# MACRs and "possibly" German “Reports on capture of members of enemy air forces”



## Daniel BASTIEN (Nov 22, 2019)

Hello, Doing some research on 8th Air Force MACRs of May 1944, I found on Fold3, in the MACRs section, several files similar to the one attached, untitled “Report on capture of members of enemy air forces” about 8th Air Force airmen KIA on May 27 1944. Typed in English, they look like MACRs but aren’t.

To me, they look like files that had been originally written (or typed) in German language, by German Luftwaffe personnel based at the (French) Luxeuil Air Base occupied by them. The way I see it, is that those German files had been abandoned when the Luftwaffe left this Air base, and then, they were found there by US troops, and later translated into English, and used by the US military as complementary information to their own MACRs.

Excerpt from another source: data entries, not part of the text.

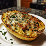 If you’re looking for a dish that’s both indulgent and wholesome, this Cheesy Spinach Stuffed Spaghetti Squash with Garlic Sage Butter is the perfect balance. It’s creamy, savory, and loaded with flavor, yet it feels surprisingly light. The natural sweetness of the roasted spaghetti squash pairs beautifully with the rich, garlicky sage butter and melty cheese. I love making this on chilly evenings when I crave something comforting but want to skip the heavy pasta. It’s a low-carb, gluten-free option that still satisfies every craving for a cheesy, buttery meal. Whether served as a main course or a decadent side, this dish transforms simple ingredients into something truly special.
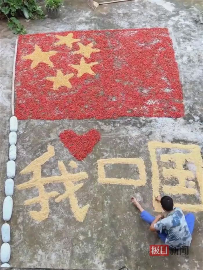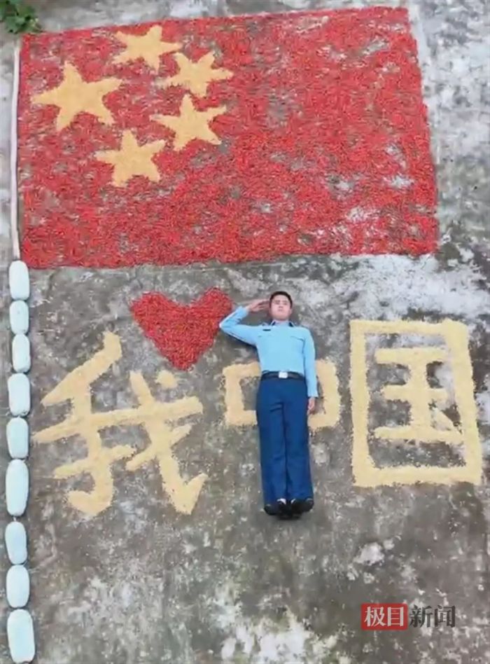 何咚咚告诉极目新闻记者,国庆节前,他就在思考用什么方式迎接国庆,“目前正值秋收季节,就用辣椒和粮食摆了一面国旗。同时,自己穿着军装躺下敬礼,与粮食一起拼出了‘我爱中国’的字样。”
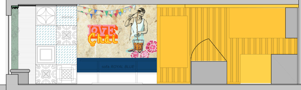 The design draws from the visual language of South Asian street life, translating it into a layered interior rather than a themed set. Bold colour is used unapologetically, combined with a mix of robust, everyday materials including bright yellow corrugated metal sheets, decorative tin tiles, mirrored surfaces, and painted finishes across walls and ceilings.
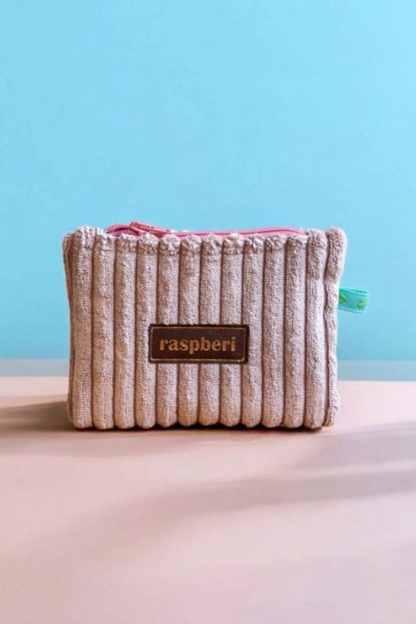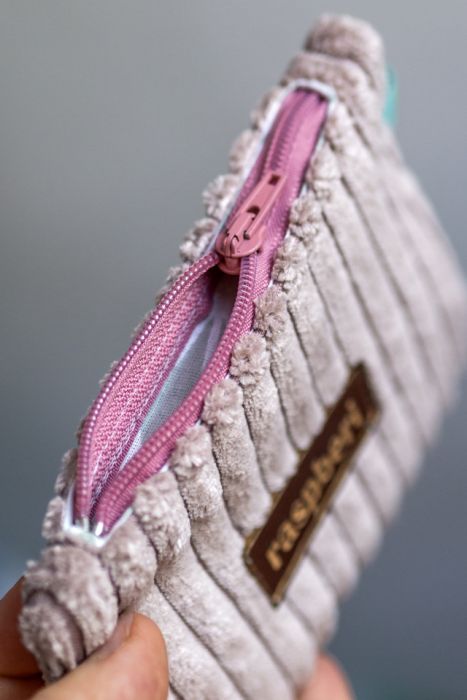 Prosty wodoodporny portfel wykonany z grubego pudroworóżowego sztruksu.
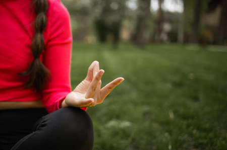 Crop photo of female hands, meditation, zen. Young woman meditates in the forest while sitting on the mat. Harmony
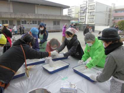 また,その後PTAの皆様によるもちつき大会が行われました。
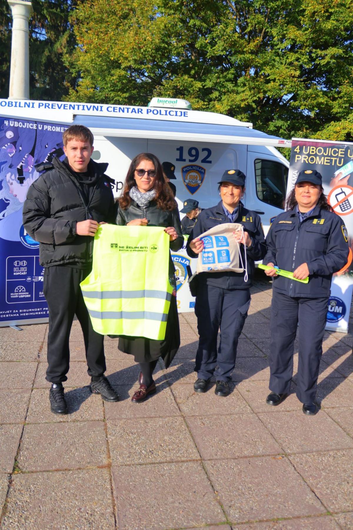 Tijekom preventivnih aktivnosti najsavjesnijim vozačima i putnicima u vozilima, kao i na samom Trgu Republike, uručeni su promidžbeni materijali pribavljeni sredstvima Nacionalnog plana sigurnosti cestovnog prometa (reflektirajući prsluci i trakice, prigodni privjesci) i Vijeća za prevenciju grada Čakovca (bljeskalice i torbe) te prigodni letci “Čuvajte život, vežite pojas”, “Biciklisti pažnja”, “Autosjedalica uvijek i bez iznimke”, “Pješaci sigurno u prometu”.
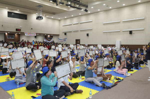 서울 관악구는 10일 구청 대강당에서 소속 공무원 400여명이 참여한 가운데 ‘도전! 청렴 골든벨 퀴즈대회’를 성공적으로 개최했다. 이날 참여자들은 청탁금지법과 청렴에 관한 퀴즈를 풀었다. 사진은 골든벨이 진행되고 있는 모습. (사진제공=관악구청)
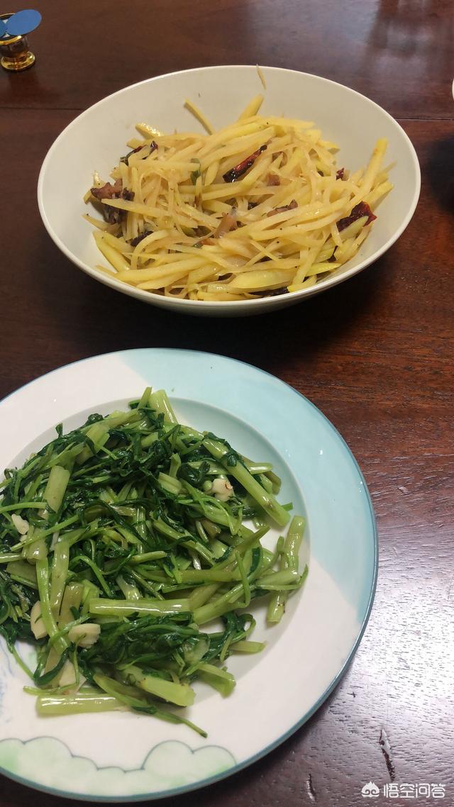 周末在家做饭一荤一素一汤,两个人吃,蔬菜会少做点,一顿吃不完就扔掉,一般都能吃完。再有钱对食物不能浪费。

Does anyone know if this is the way things happened, or did the Red Cross play any role in giving the information gathered by the German on 8th Air Force planes crashes to the US Military ? Any other information on this matter would be greatly appreciated.
Best 
Daniel BASTIEN


----------



## CATCH 22 (Nov 23, 2019)

Daniel BASTIEN said:


> Hello, Doing some research on 8th Air Force MACRs of May 1944, I found on Fold3, in the MACRs section, several files similar to the one attached, untitled “Report on capture of members of enemy air forces” about 8th Air Force airmen KIA on May 27 1944. Typed in English, they look like MACRs but aren’t.
> 
> To me, they look like files that had been originally written (or typed) in German language, by German Luftwaffe personnel based at the (French) Luxeuil Air Base occupied by them. The way I see it, is that those German files had been abandoned when the Luftwaffe left this Air base, and then, they were found there by US troops, and later translated into English, and used by the US military as complementary information to their own MACRs.
> View attachment 561605
> ...


Daniel, these are not abandoned files and I'm almost sure the Red Cross has nothing to do with it. I've been researching the 15-th AAF since years and many of the MACR's include pages with the names of captured airmen from German reports or even copies of interrogations by the Germans. I remember some pages in German too (copies of the original documents). These are captured military documents/archives. AFAIK the military intelligence was responsible for them and they have been collected (mostly) after the end of the war in Europe. Below a copy from a Dulag (Luft) report.




There are also translations of detailed German reports (see below) or any further valuable information about the missing aircrews. I believe I've seen translations of reports from other countries and authorities too.

Reactions: Informative Informative:
1 | Like List reactions


----------



## Daniel BASTIEN (Nov 23, 2019)

CATCH 22 said:


> Daniel, these are not abandoned files and I'm almost sure the Red Cross has nothing to do with it. I've been researching the 15-th AAF since years and many of the MACR's include pages with the names of captured airmen from German reports or even copies of interrogations by the Germans. I remember some pages in German too (copies of the original documents). These are captured military documents/archives. AFAIK the military intelligence was responsible for them and they have been collected (mostly) after the end of the war in Europe. Below a copy from a Dulag (Luft) report.
> View attachment 561662
> 
> There are also translations of detailed German reports (see below) or any further valuable information about the missing aircrews. I believe I've seen translations of reports from other countries and authorities too.
> View attachment 561663


----------



## Daniel BASTIEN (Nov 23, 2019)

Hello, Catch 22. I thank you very much for these detailed informations. Best, Daniel


----------



## CATCH 22 (Nov 23, 2019)

Daniel BASTIEN said:


> Hello, Catch 22. I thank you very much for these detailed informations. Best, Daniel


You are very welcome, Daniel!
If you have access to Fold3 (paid membership) you can go to the MACR reports and search with some of the common words like DULAG LUFT or STALAG and you'll find hundreds of pages from German interrogation reports. I'm attaching one of the German originals. If you check the top right corner these reports are always marked as *"ME XXXX". ME* is from the German word *MELDUNG* (report) and than the number of the report follows. In some of the MACRs you can find even additional post-war interrogations (on US soil) where former POWs (Americans) have been questioned about crew members included in the original German reports, to proof the statements in those reports.
Regards!

Reactions: Informative Informative:
1 | Like List reactions


----------



## Daniel BASTIEN (Nov 23, 2019)

Thank you Catch 22 for the extra information. I do have access to Fold 3 (paid membership) ; I will then proceed as instructed. Best regards Daniel


----------



## Chris C (Jun 19, 2020)

Hi Daniel, 
Here is more info on your question-

Military Agency Records RG 242


----------



## Daniel BASTIEN (Jun 20, 2020)

Chris C said:


> Hi Daniel,
> Here is more info on your question-
> 
> Military Agency Records RG 242



Thank you Chris C for this extra information Best regards Daniel


----------